From the entries below, output the line with "Harga nikel melonjak" and each following line up to and including the line with "商品名称:飞利浦多用途锅HD2250 多功能电火锅 烤肉锅", exactly as written.

━━━ Given data

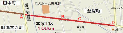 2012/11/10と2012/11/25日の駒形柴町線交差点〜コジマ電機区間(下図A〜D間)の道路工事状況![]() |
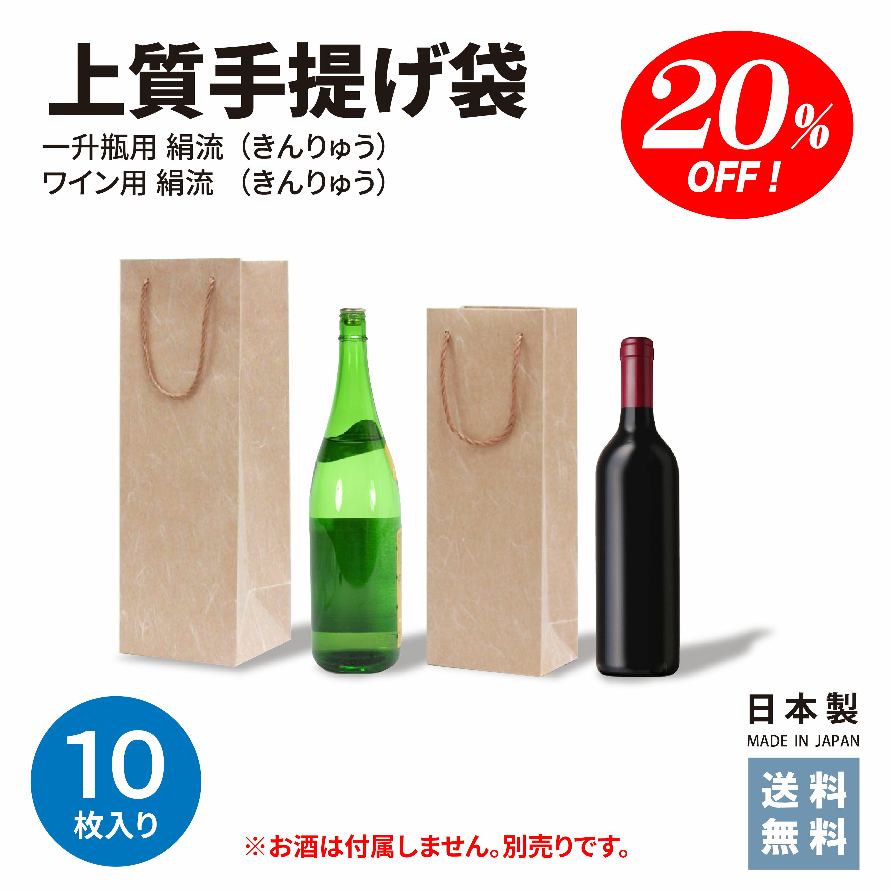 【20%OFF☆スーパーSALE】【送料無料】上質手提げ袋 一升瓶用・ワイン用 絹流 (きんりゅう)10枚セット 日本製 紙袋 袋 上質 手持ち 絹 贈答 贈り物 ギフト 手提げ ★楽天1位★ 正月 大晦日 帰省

━━━━━━
━━━ Given data

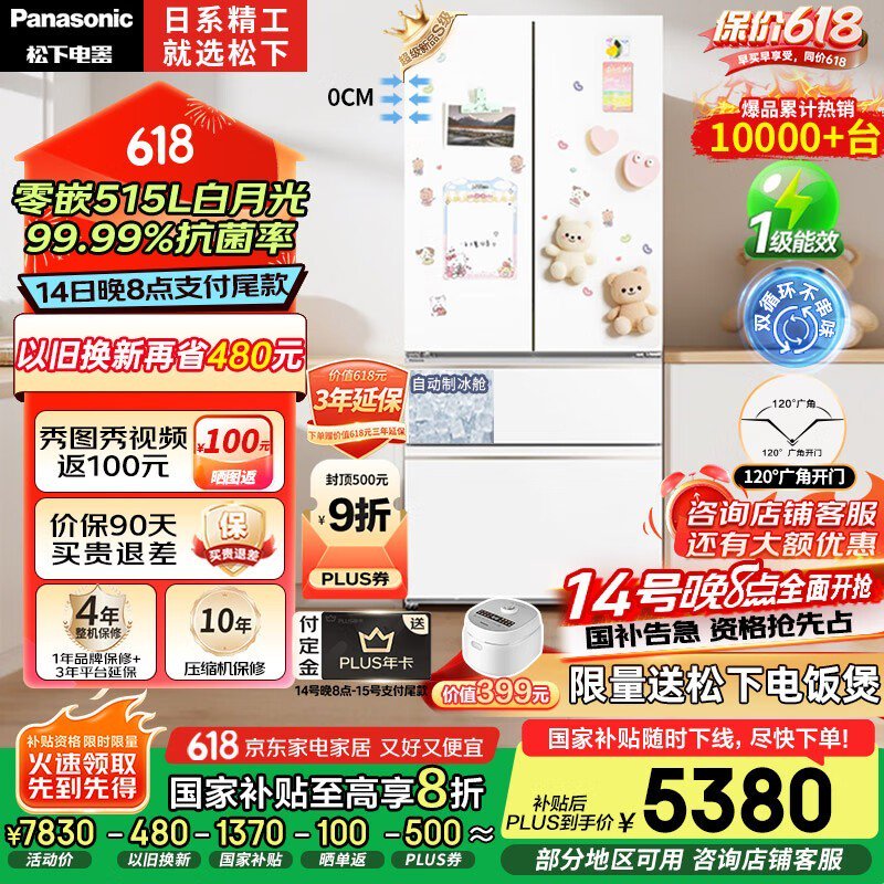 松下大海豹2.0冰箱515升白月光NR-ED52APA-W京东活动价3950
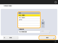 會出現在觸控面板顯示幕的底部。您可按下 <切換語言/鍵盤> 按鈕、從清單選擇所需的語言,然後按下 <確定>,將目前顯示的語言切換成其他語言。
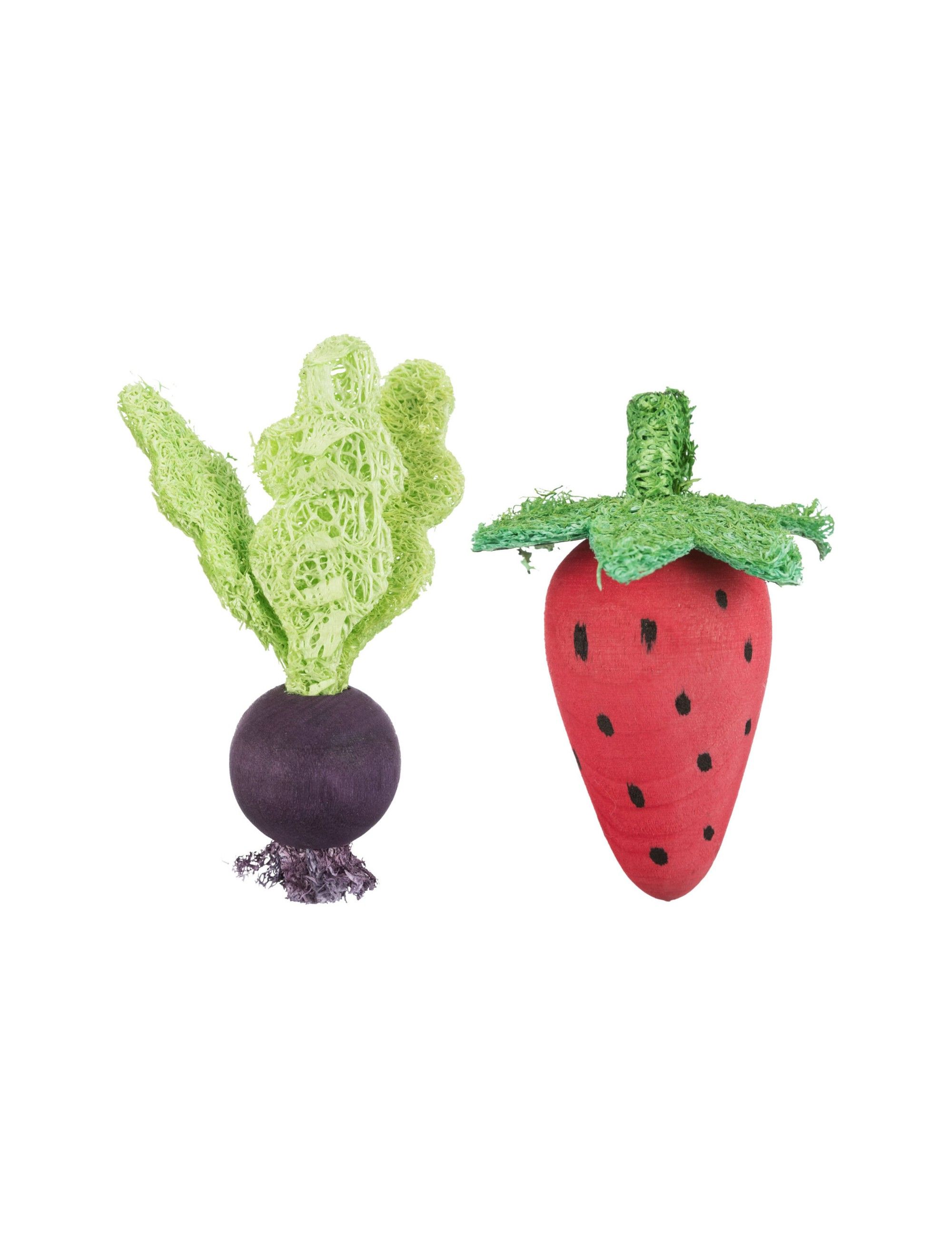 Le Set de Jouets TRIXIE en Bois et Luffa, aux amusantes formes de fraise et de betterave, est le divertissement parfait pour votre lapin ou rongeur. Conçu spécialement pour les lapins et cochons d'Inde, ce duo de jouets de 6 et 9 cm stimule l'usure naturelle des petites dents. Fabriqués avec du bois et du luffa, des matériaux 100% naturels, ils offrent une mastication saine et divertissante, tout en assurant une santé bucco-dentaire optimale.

━━━━━━
━━━ Given data

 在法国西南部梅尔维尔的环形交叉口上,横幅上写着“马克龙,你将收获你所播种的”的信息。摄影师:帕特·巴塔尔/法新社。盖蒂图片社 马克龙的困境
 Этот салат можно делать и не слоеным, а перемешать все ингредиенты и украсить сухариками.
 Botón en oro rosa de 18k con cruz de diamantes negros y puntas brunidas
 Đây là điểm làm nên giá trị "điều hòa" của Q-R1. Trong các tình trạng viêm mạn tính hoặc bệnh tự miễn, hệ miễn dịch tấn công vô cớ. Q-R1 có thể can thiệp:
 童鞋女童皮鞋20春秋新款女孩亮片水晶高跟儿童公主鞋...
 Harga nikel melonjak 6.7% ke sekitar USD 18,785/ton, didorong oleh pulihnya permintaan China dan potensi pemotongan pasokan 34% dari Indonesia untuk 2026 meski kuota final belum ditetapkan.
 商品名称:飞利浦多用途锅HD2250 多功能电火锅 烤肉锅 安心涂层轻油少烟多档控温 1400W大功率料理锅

━━━━━━

- **Output for this task**:
 Harga nikel melonjak 6.7% ke sekitar USD 18,785/ton, didorong oleh pulihnya permintaan China dan potensi pemotongan pasokan 34% dari Indonesia untuk 2026 meski kuota final belum ditetapkan.
 商品名称:飞利浦多用途锅HD2250 多功能电火锅 烤肉锅 安心涂层轻油少烟多档控温 1400W大功率料理锅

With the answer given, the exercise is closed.